*** The input

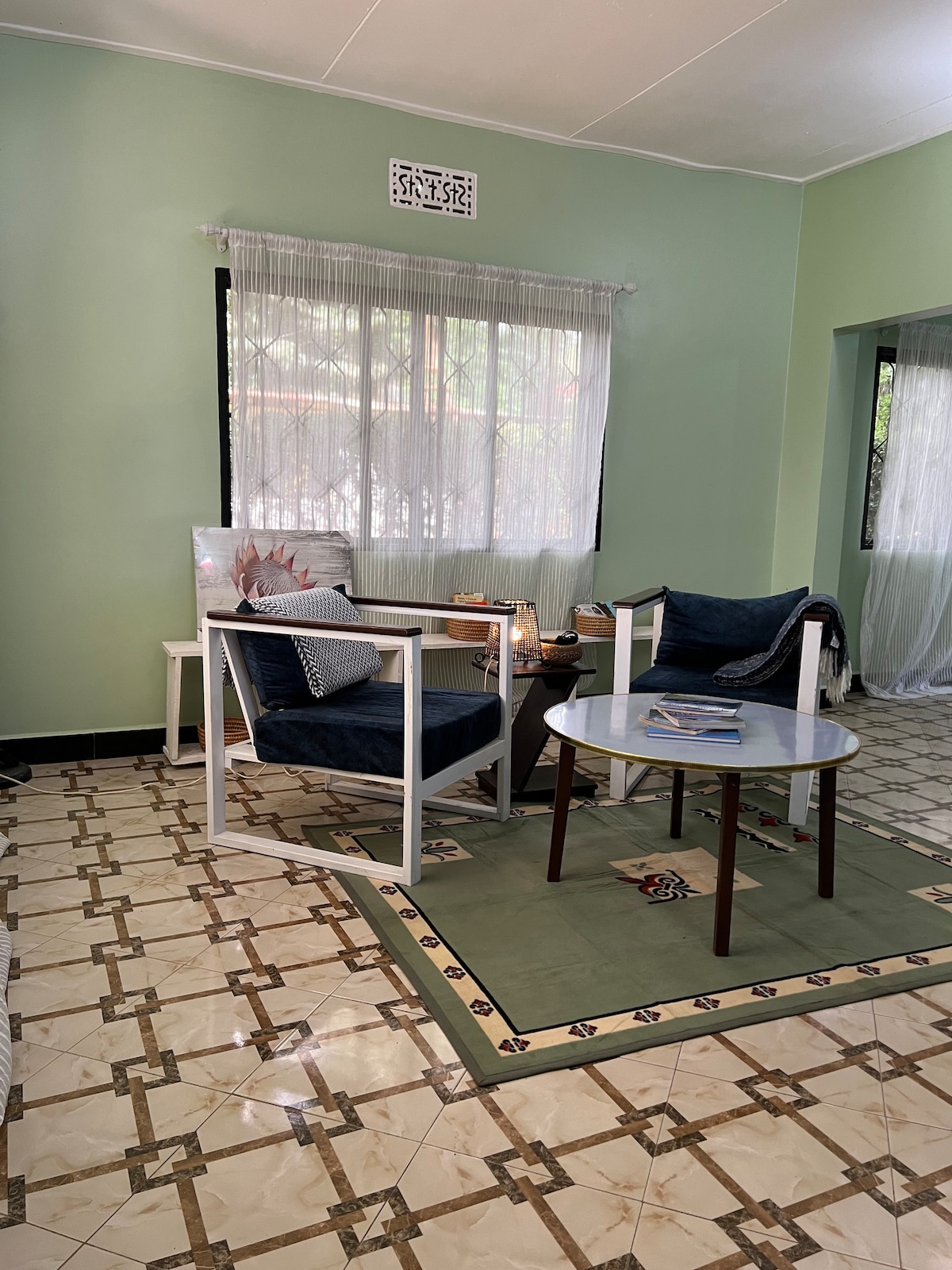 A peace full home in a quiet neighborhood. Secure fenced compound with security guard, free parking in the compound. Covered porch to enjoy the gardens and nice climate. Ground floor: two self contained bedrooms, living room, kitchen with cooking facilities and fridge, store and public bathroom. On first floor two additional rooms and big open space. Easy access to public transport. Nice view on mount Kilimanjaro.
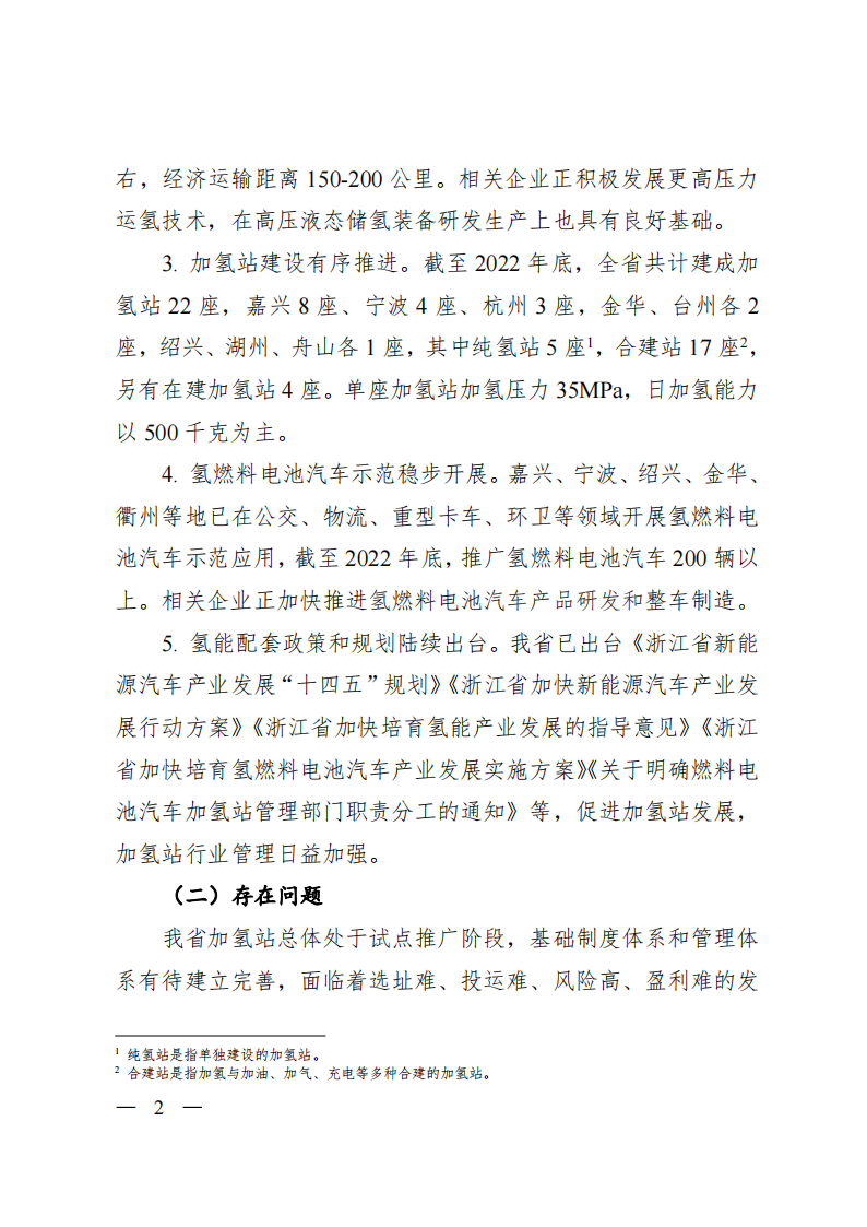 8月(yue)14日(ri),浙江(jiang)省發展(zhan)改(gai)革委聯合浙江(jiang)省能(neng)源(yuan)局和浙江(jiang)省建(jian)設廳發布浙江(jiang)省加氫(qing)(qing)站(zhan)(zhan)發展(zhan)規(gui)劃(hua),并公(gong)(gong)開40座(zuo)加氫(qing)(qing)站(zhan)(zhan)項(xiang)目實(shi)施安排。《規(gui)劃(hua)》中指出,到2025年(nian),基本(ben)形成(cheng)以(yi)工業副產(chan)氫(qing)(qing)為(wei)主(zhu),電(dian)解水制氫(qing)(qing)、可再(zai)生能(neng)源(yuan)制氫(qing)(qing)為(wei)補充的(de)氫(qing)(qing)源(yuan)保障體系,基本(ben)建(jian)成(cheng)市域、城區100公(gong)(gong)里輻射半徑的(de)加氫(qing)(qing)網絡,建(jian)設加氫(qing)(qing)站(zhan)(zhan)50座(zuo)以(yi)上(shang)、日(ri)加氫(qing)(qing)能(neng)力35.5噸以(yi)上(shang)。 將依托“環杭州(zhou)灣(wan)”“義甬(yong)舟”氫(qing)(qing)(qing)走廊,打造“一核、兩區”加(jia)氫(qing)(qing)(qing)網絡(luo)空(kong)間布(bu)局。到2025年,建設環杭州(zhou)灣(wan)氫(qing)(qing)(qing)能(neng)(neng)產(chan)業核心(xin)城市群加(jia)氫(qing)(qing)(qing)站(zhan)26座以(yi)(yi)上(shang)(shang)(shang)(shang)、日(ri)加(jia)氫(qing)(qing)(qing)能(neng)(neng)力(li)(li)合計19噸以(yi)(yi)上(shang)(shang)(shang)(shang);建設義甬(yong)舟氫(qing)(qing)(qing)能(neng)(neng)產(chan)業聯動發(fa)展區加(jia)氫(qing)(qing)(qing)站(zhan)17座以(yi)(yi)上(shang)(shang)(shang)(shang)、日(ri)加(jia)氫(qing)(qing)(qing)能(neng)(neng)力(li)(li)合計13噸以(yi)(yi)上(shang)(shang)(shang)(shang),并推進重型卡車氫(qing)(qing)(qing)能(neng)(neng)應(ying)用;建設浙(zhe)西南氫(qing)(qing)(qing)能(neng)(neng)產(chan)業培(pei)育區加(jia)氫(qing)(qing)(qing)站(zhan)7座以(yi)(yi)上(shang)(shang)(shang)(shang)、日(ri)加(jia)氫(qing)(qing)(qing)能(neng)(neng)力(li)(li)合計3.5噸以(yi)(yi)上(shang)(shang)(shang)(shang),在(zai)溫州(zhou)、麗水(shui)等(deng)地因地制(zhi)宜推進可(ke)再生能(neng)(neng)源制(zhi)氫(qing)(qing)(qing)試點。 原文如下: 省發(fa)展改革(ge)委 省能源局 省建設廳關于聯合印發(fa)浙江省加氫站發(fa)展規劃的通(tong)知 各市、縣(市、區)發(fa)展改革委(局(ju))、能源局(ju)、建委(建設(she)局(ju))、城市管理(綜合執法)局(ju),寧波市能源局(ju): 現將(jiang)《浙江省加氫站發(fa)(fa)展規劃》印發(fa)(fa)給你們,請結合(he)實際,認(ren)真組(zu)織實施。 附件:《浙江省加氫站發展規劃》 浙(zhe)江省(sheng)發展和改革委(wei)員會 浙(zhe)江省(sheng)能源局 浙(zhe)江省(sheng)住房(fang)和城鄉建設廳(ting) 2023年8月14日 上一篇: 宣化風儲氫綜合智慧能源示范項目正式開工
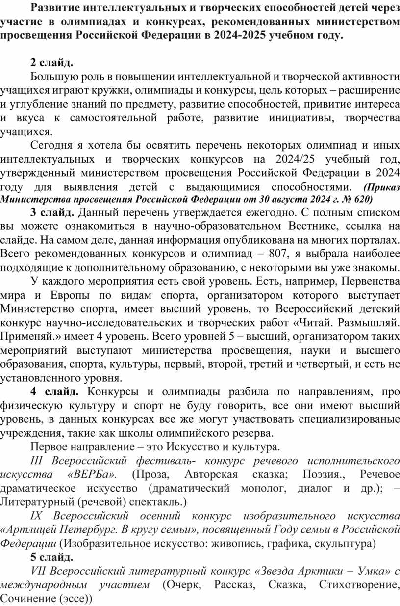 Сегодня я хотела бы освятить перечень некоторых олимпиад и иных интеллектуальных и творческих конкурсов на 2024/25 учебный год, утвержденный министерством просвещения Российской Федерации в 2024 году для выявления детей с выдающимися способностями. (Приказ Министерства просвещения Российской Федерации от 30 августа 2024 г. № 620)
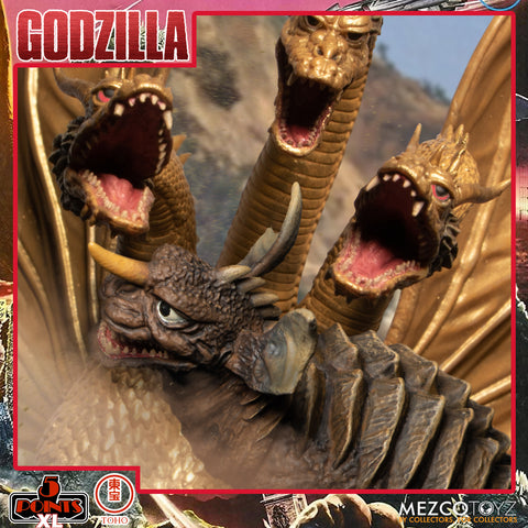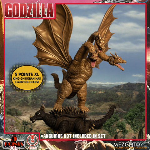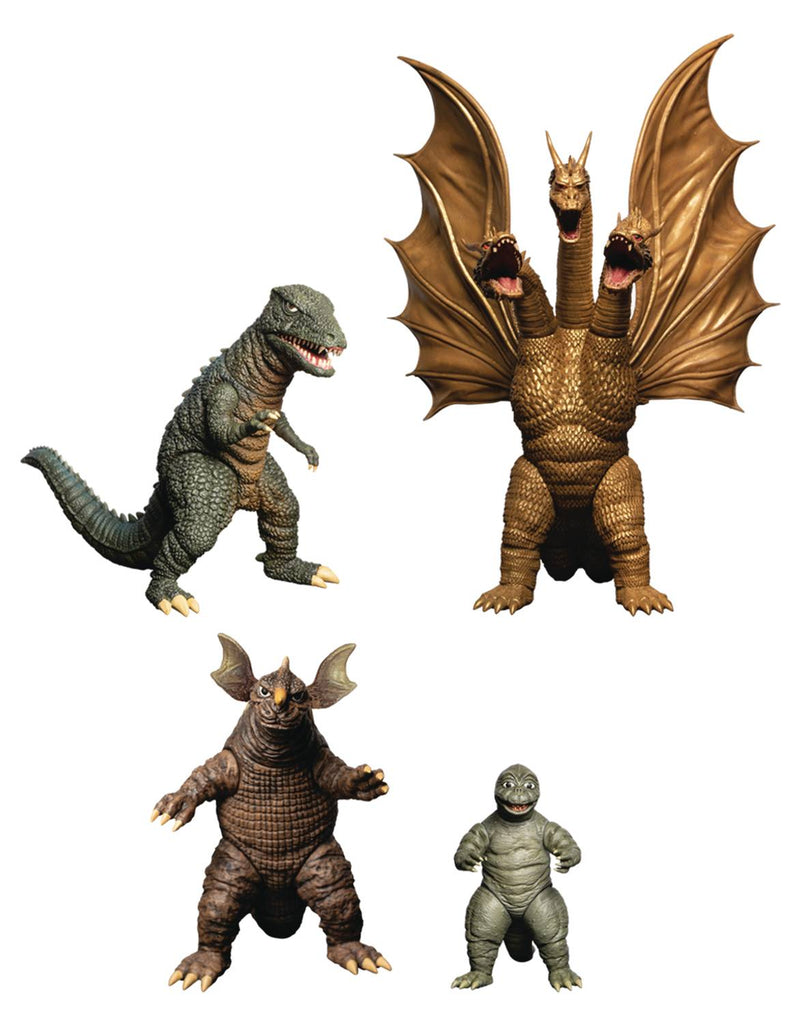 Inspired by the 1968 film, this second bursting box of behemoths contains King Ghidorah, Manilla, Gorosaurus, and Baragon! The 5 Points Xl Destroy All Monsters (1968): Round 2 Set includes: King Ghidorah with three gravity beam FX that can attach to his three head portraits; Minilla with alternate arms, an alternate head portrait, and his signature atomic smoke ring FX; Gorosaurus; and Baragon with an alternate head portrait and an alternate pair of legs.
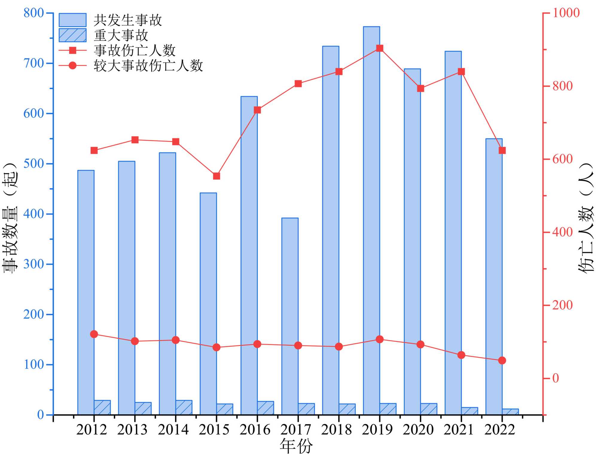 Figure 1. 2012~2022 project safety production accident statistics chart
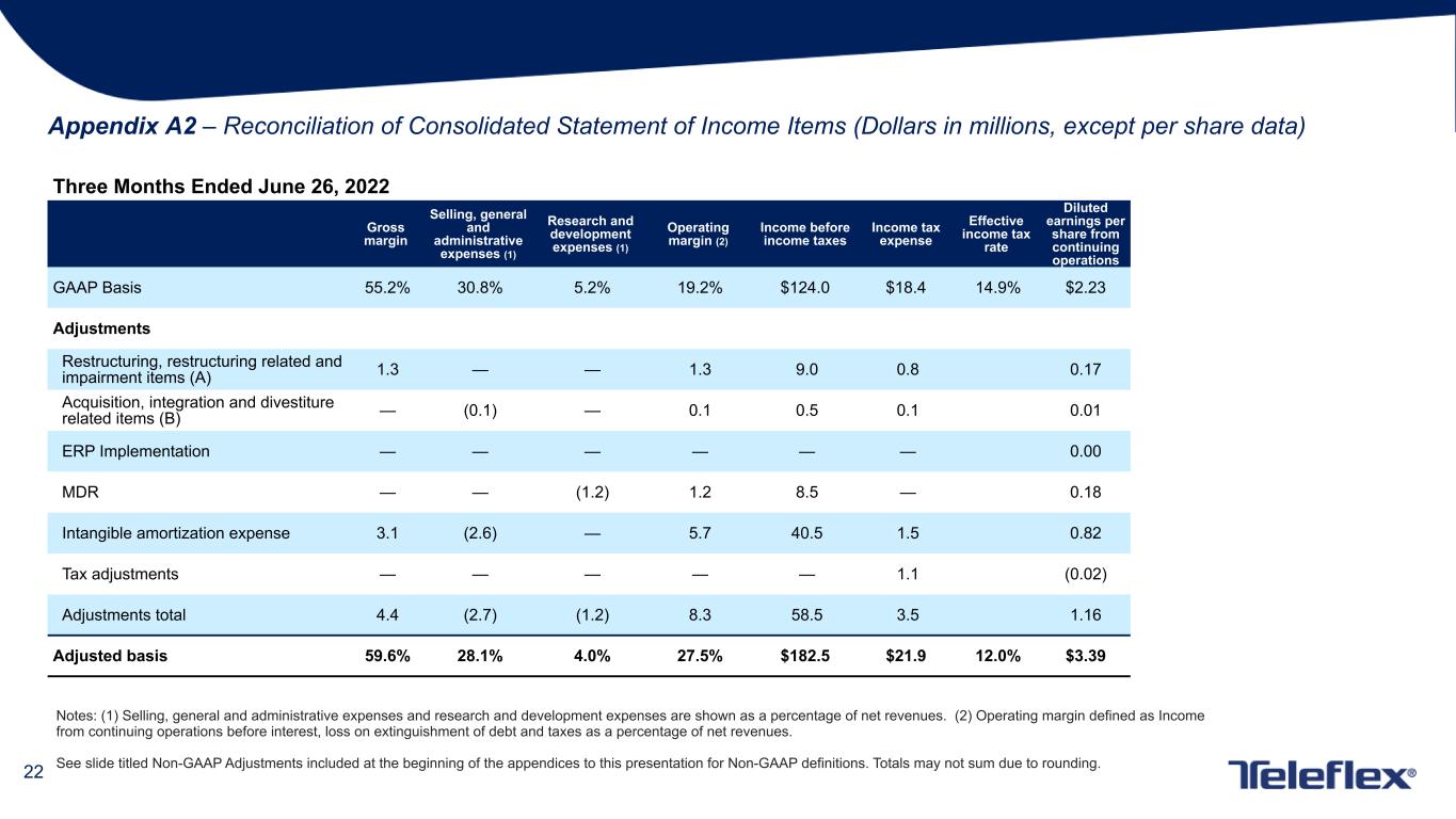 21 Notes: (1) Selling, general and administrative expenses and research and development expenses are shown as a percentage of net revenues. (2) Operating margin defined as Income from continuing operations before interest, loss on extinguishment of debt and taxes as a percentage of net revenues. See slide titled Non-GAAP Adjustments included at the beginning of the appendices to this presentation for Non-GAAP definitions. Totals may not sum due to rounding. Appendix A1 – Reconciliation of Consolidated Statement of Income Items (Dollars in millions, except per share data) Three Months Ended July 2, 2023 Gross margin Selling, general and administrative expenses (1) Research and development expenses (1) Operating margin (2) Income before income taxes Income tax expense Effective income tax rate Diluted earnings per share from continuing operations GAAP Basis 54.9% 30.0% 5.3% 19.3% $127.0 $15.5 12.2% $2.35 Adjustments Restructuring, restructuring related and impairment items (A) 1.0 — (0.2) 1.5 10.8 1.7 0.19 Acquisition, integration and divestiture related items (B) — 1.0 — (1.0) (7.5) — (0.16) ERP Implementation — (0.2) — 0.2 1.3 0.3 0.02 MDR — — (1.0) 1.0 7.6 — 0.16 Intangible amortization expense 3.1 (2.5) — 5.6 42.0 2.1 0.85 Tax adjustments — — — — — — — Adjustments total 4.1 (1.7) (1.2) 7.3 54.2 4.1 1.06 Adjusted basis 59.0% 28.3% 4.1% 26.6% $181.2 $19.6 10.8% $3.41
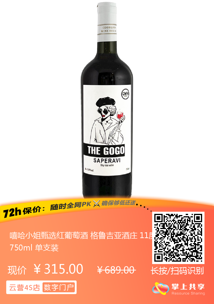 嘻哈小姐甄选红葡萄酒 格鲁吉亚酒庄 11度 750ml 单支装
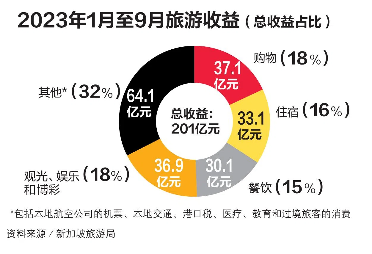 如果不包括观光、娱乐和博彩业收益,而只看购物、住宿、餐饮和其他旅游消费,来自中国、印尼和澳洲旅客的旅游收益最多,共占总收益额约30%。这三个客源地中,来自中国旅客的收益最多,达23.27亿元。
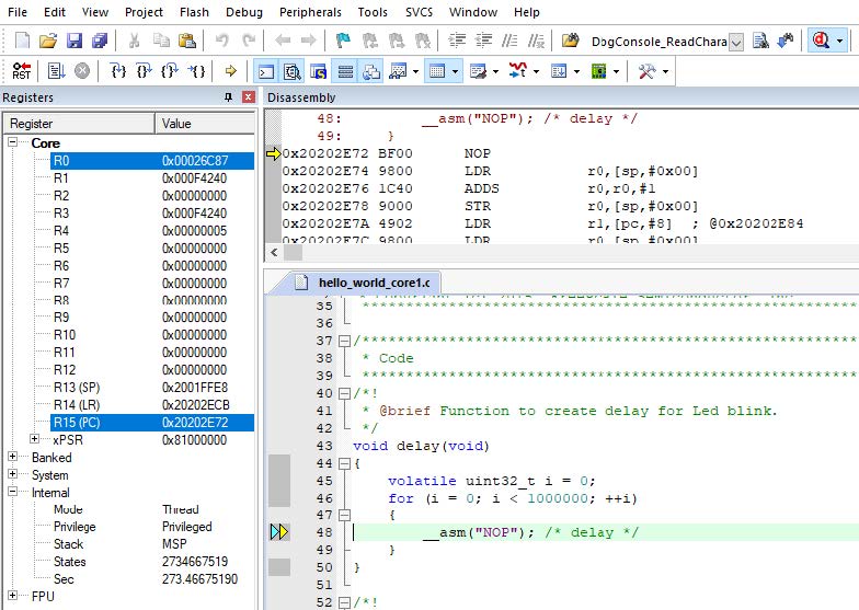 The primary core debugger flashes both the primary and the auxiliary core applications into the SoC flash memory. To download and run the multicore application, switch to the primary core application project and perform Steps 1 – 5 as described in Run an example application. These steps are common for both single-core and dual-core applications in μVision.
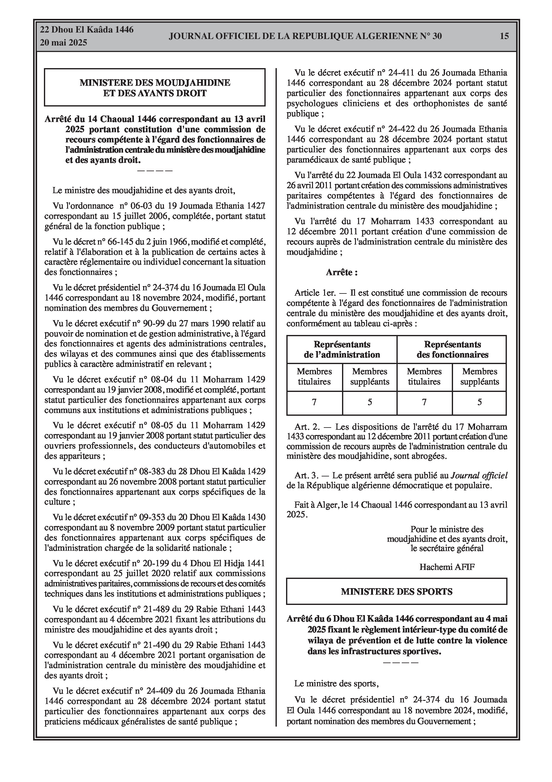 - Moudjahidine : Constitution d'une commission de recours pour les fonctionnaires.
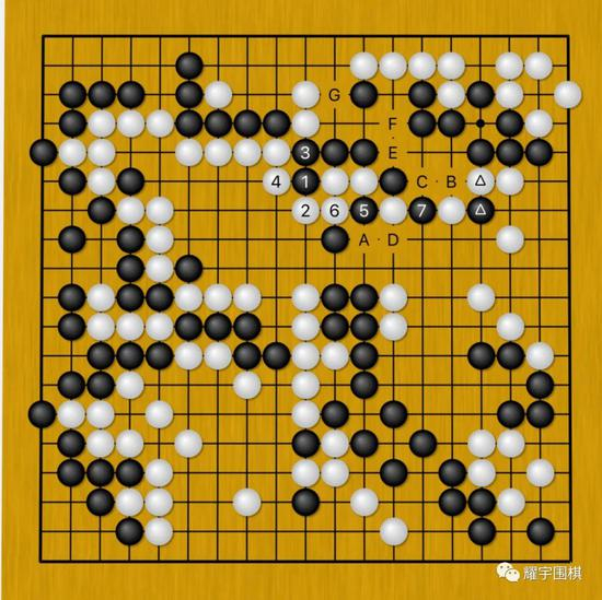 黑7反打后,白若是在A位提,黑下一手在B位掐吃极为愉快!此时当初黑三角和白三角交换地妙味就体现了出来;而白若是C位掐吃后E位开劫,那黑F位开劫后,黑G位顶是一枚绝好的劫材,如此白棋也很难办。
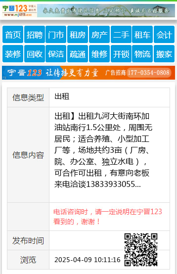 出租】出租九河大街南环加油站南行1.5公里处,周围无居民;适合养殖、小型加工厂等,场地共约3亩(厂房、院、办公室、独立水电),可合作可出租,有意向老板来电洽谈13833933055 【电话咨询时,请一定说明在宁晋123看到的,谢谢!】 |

******

[Problem description]: Please copy only the lines from the one that contains "黑7反打后,白若是在A位提,黑下一手在B" through the last line of the records, exactly, and keep every picture out of the copy.

[Task response]:
 黑7反打后,白若是在A位提,黑下一手在B位掐吃极为愉快!此时当初黑三角和白三角交换地妙味就体现了出来;而白若是C位掐吃后E位开劫,那黑F位开劫后,黑G位顶是一枚绝好的劫材,如此白棋也很难办。
 出租】出租九河大街南环加油站南行1.5公里处,周围无居民;适合养殖、小型加工厂等,场地共约3亩(厂房、院、办公室、独立水电),可合作可出租,有意向老板来电洽谈13833933055 【电话咨询时,请一定说明在宁晋123看到的,谢谢!】 |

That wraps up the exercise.